Но мне были неинтересны люди, которых я никогда не видела, и о которых слышала только ложь. «Что было с тобой?»
«Моя тетя изменила мое будущее с помощью ножниц, куска материи и квасцов. Мой отец возражал, но ты же знаешь Тетушку Ван. Кто посмеет сказать ей «нет», если она сказала «да»?
«Тетушка Ван?» — у меня закружилась голова. — Ты говоришь о нашей Тетушке Ван, о свахе?»
«Она сестра моей матери».
Я сжала виски пальцами. С самого первого дня, когда мы встретились со Снежным Цветком и посетили Храм Гупо, она называла сваху Тетушкой. Я думала, она делает это из вежливости и уважения к свахе, а потом и я стала, разговаривая с Мадам Ван, пользоваться этим почтительным обращением. Я чувствовала себя глупой и одураченной.
«Ты никогда не говорила мне об этом», — сказала я.
«О Тетушке Ван? Я думала, это единственная вещь, которая тебе известна».
Единственная вещь, которая тебе известна. Я постаралась уразуметь эти слова.

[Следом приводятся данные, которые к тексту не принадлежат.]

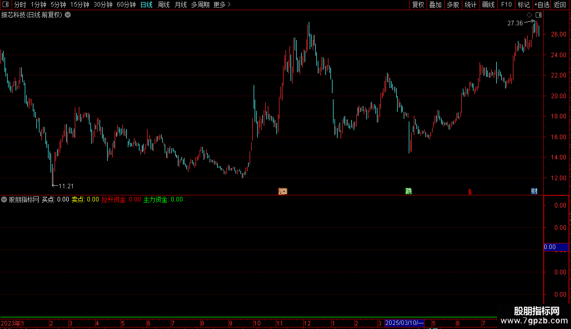 2. 资金监控:包含“拉升资金”和“主力资金”两条线,用于监测不同周期下市场资金的活跃程度和主力动向。

«Тетушка Ван видела моего отца насквозь, — продолжала Снежный Цветок. — Она понимала, что он слабый человек. Она видела и меня, видела, что я не люблю повиноваться, что я невнимательная, что я совершенно ничего не смыслю в домоводстве. Но моя мать могла лишь научить меня вышивать, изящно одеваться и вести себя в присутствии мужчин, а также нашему тайному письму. Тетушка всего лишь женщина, но поскольку она сваха, ей приходится быть деловой. Она поняла, чем все это кончится для моей семьи и для меня, и начала подыскивать какую-нибудь девочку, чтобы она стала моей лаотун. Тетушка надеялась, что благодаря этому в нашей местности меня будут считать образованной, послушной, верной…»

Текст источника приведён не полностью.